FOMC statement from the July 28, 2021 meeting

Federal Reserve issues FOMC statement

For release at 2:00 p.m. EDT

The Federal Reserve is committed to using its full range of tools to support the U.S. economy in this challenging time, thereby promoting its maximum employment and price stability goals.

With progress on vaccinations and strong policy support, indicators of economic activity and employment have continued to strengthen. The sectors most adversely affected by the pandemic have shown improvement but have not fully recovered. Inflation has risen, largely reflecting transitory factors. Overall financial conditions remain accommodative, in part reflecting policy measures to support the economy and the flow of credit to U.S. households and businesses.

The path of the economy continues to depend on the course of the virus. Progress on vaccinations will likely continue to reduce the effects of the public health crisis on the economy, but risks to the economic outlook remain.

The Committee seeks to achieve maximum employment and inflation at the rate of 2 percent over the longer run. With inflation having run persistently below this longer-run goal, the Committee will aim to achieve inflation moderately above 2 percent for some time so that inflation averages 2 percent over time and longer‑term inflation expectations remain well anchored at 2 percent. The Committee expects to maintain an accommodative stance of monetary policy until these outcomes are achieved. The Committee decided to keep the target range for the federal funds rate at 0 to 1/4 percent and expects it will be appropriate to maintain this target range until labor market conditions have reached levels consistent with the Committee’s assessments of maximum employment and inflation has risen to 2 percent and is on track to moderately exceed 2 percent for some time.
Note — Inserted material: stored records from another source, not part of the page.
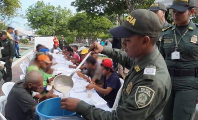 En medio de una chocolatada el grupo de prevención y educación ciudadana de la Policía Nacional, hizo la entrega de alimentos y elementos de bioseguridad a cerca de 500 personas en situación de calle en la comuna diez de la Candelaria, centro de la capital antioqueña.
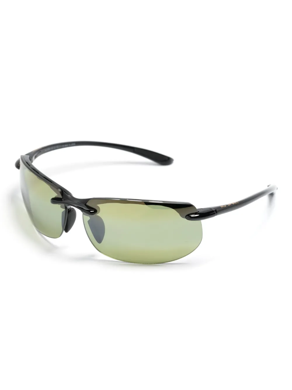 Zwart, acetaat, rechthoekige vorm, randloze glazen, polariserende glazen, neuskussentjes en gebogen uiteinde. Deze bril wordt verkocht met een beschermhoes..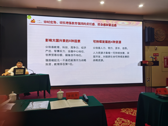 研讨会上,公司党委书记汤放华主讲了“学习习近平总书记关于教育重要论述精神,谱写新时代新征程英国365上市公司高质量发展新篇章”的主题党课,并组织领学了习近平考察陕西发表重要讲话精神。公司党委副书记、董事长何振,党委委员、组织部部长吕贤军、党委宣传部常务副部长贺正宜先后领学了习近平总书记主持二十届中央政治局第五次集体学习并发表重要讲话精神、浙江浦江经验与“千万工程”、十二届省委理论学习中心组在岳麓书院开展集体学习沈晓明主持并作总结讲话精神等。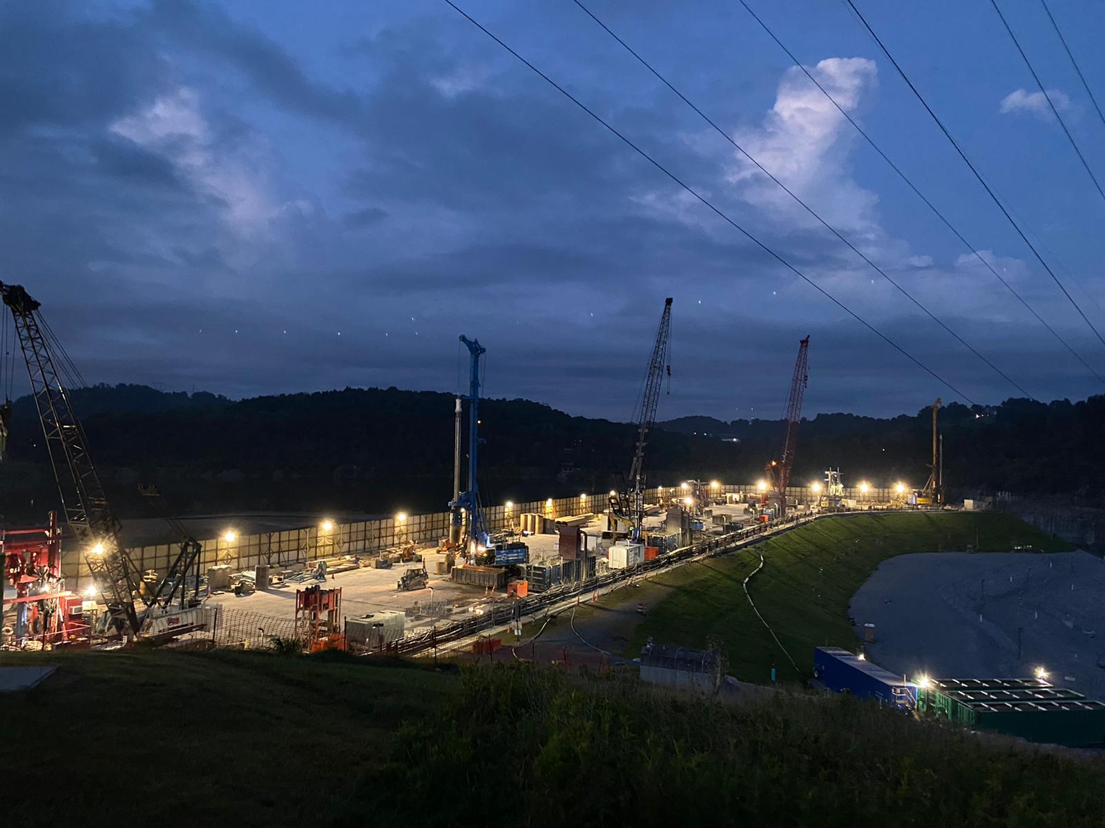 The Secant Pile was installed maintaining a strict alignment and overlap requirements while penetrating through a challenging mixture of soil and highly weathered rock within the upper portions of the dam’s foundation. The cutoff is keyed into the sloping face of the existing concrete dam, forming a continuous composite seepage barrier along the entire alignment of the earthen dam. Over 300 secant piles were installed to create 850-ft long secant pile barrier, totaling 113,000 square feet of cutoff wall, and approximately 27,000 cubic yards of concrete.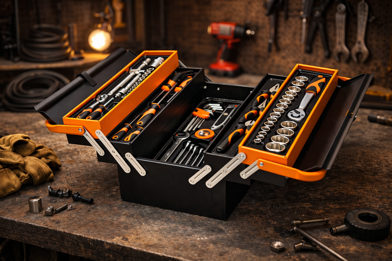 הסט כולל מגוון רחב של בוקסות, מברגים, מפתחות ופליירים, המותאמים לעבודה עם מגוון ברגים ואומים.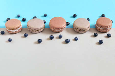 Colorful macaroons on blue background. Sweet macarons. generative ai

Last December, the Committee indicated that it would continue to increase its holdings of Treasury securities by at least $80 billion per month and of agency mortgage‑backed securities by at least $40 billion per month until substantial further progress has been made toward its maximum employment and price stability goals. Since then, the economy has made progress toward these goals, and the Committee will continue to assess progress in coming meetings. These asset purchases help foster smooth market functioning and accommodative financial conditions, thereby supporting the flow of credit to households and businesses.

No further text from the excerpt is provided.